Monday, August 5, 2013

Whatever happened to all those promises Obama made during the State of the Union?

All that applause. All that adoration. The president's state of the union address was considered brilliant by much of the press.
So what happened to all the promises?
The president's laundry list of goals for his second term have either been defeated or not even brought out for a vote by either House. The sole exception is immigration reform and most of that "comprehensive" measure is going nowhere in the House.
The White House's problem is perhaps best epitomized by the battle over gun control. The crescendo of February's speech was the president's emotional call for a vote on new regulations, noting the presence of former Rep. Gabrielle Giffords (D-Ariz.) -- who was shot by a would-be assassin -- in the audience.
But the president's push for new gun controls flamed out in the Senate, where Democrats were unable to corral enough votes even for a background check expansion favored by two-thirds of all Americans.
A proposal to raise the minimum wage to $9 per hour hasn't earned a hearing in the House of Representatives yet, and Democratic plans are unlikely to progress to a vote. Earlier this week, fast food workers in seven cities nationwide went on strike to protest the $7.25 going rate.
The president also made an impassioned call to repeal the sequester -- $80 billion in across-the-board cuts to the federal budget. But with a fresh round of budget battles arriving this fall, Republicans insist they want to maintain the same level of austerity.
In one of the more poignant moments of his address, the president pointed to a 102-year-old woman in the audience who waited hours to vote in the 2012 election.
Although Obama has appointed a new commission to examine voter access and poll waiting times, there are few substantive steps the federal panel can take to force the state and local governments that facilitate voting to act. Meanwhile, a Supreme Court decision striking down a key provision of the Voting Rights Act will likely open the floodgates to stricter voter identification requirements in Southern states.
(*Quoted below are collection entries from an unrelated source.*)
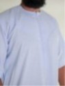 Qamis dos Emirados, em linho, de manga curta, azul claro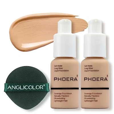 PHOERA Face Foundation,Liquid Foundation,Foundation Full Coverage Long Lasting Perfect 30ml Matte Oil Control Concealer 6 Colors Optional,Great Choice and Gift (2PC#104 Buff Beige, 60 ml (Pack of 2))
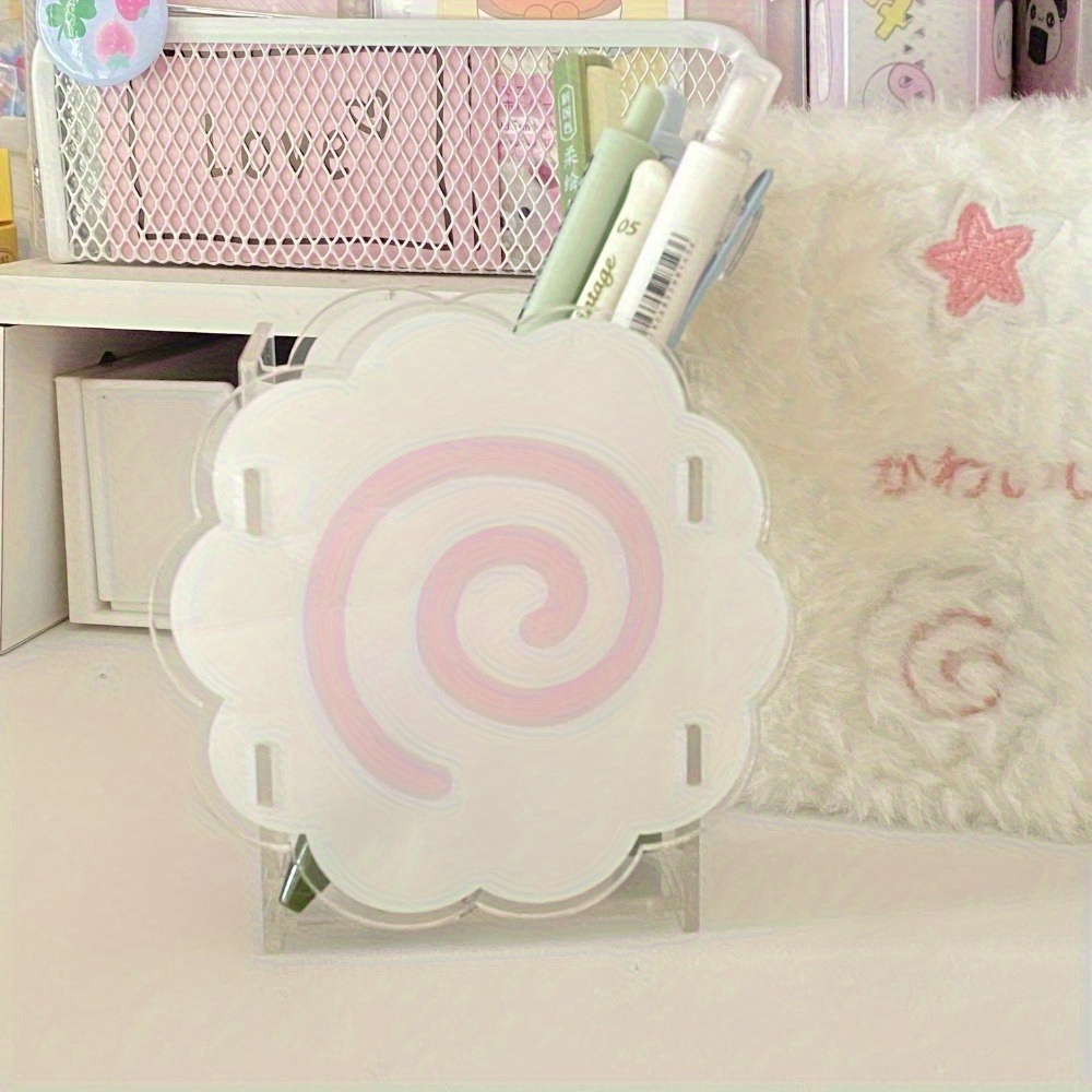 TEMU 1개 여아용 귀여운 파스텔 핑크 데스크 정리함 - 펜 슬롯 및 메이크업 브러시 홀더 포함, 학생용 컴팩트 데스크탑 정리함 & 화장품 보관함 - 사무실, 화장대용 장식 스테이셔너리 트레이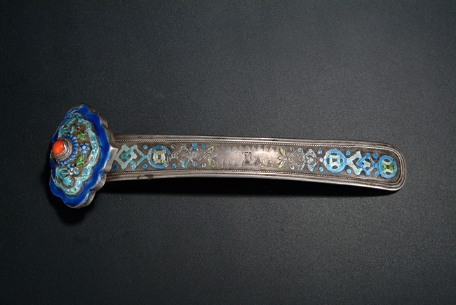 The head and handle are of separate parts, handle depicts fortune patterns, while head depicts cloud, flowers and plants, decorated with a coral. Some loss of color on the handle. Qing Dynasty period.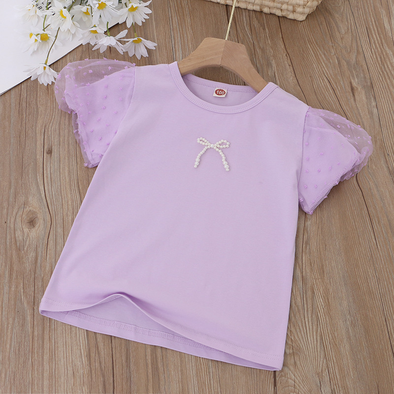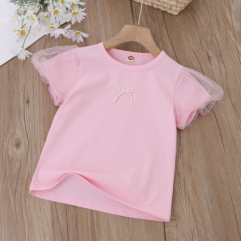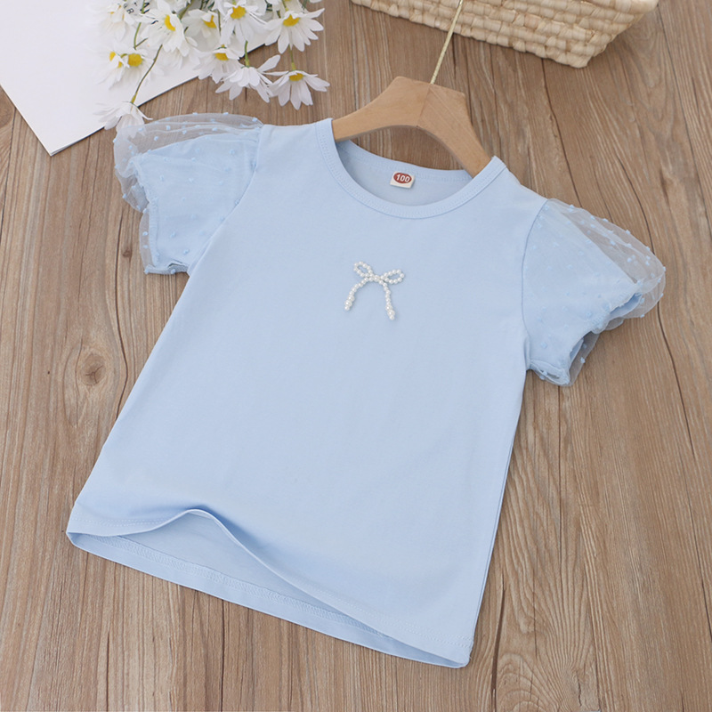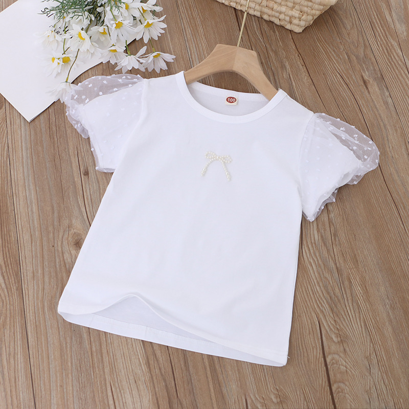 2025 여자 여름 반팔 탑 어린 소녀 티셔츠 중간 아동 반팔 티셔츠 퍼프 슬리브 진주 드롭 배송

And on immigration, a rare legislative win in the Senate -- where a comprehensive reform package passed in a bipartisan 68-32 vote -- has been neutered by the insistence by House Republicans that they will address changes to immigration law in a piecemeal fashion. President Obama had hoped to sign a bill before the August recess, but the House has barely begun work on their reform efforts.
The effect of gridlock has begun to wear on the president's approval ratings. A Marist poll released last week showed just 41 percent of Americans approving of the job the president was doing, his lowest numbers since September, 2011.
It isn't just Republicans. Democrats in the senate also refuse to take up much of his agenda - largely because they couldn't pass.
Rich Baehr thinks that the public is finally starting to tune out Obama. I don't see how you can come to any other conclusion when you realize just how impotent Obama has become.